A city council leader has been forced to resign after a 12-month investigation into his conduct by a regional daily.

Over the past year, the Southern Daily Echo published several allegations against Southampton city councillor Richard Williams including verbal abuse and dishonesty.

The series of articles resulted in an official report concluding that Mr Williams has failed to live up to the standards of an elected representative,  but council bosses redacted 62 of the 85 pages before releasing it to the public.

However after  the paper decided to publish some of the redacted information, the councillor finally resigned from all of his posts and stood down from the authority.

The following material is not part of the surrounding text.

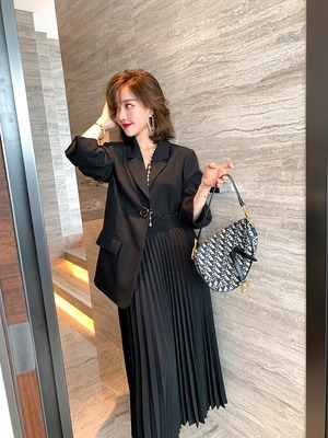 ジャケット ハイウェストウェストプリーツスカート スプリングオータム 春物 秋物 MIUCO67818576262
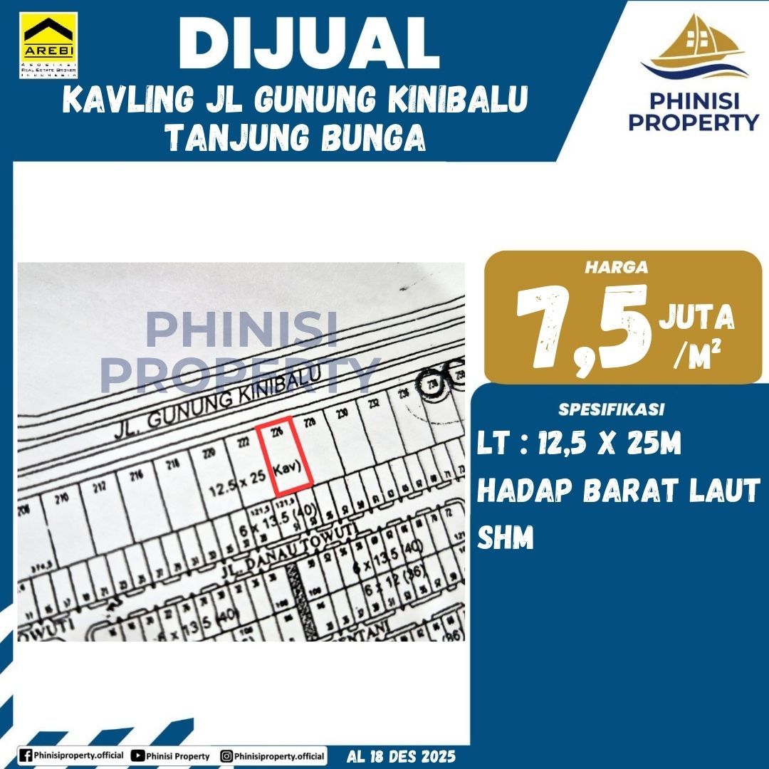 Dijual Kavling Jl. Gunung Kinibalu Tanjung BungaKavling siap bangun dengan lokasi yang strategis dan akses jalan yang mudah, cocok investasi. Hanya beberapa menit dari Jalan Metro Tanjung Bunga, salah satu jalan utama Makassar.

Echo editor-in-chief Ian Murray said:  “This was a clear example of a local paper doing its job policing local democracy.

“It was shocking in the end that the council’s legal department attempted to silence us with threats before we published our investigations based on their own report.

“This was a clear matter of public interest. If we had not lifted the lid on this issue then no one else would have revealed what was going on.

“As a lesson in why a free and vibrant local press is needed to scrutinise local democracy I can think of no better example.”

The Southern Daily Echo's splash after the city council leader resigned on Thursday (April 25)

The original story, he said, came from “good solid reporting” by their then-local government correspondent Matt Smith.

It emerged after the council put out press note saying that a cabinet member had resigned on health grounds.

Matt phoned him at home for chat, felt all was not right with the line being put out and eventually managed to get him to admit that it was a cover up – he had wanted to resign in protest against council cuts and Coun Williams had persuaded him to lie.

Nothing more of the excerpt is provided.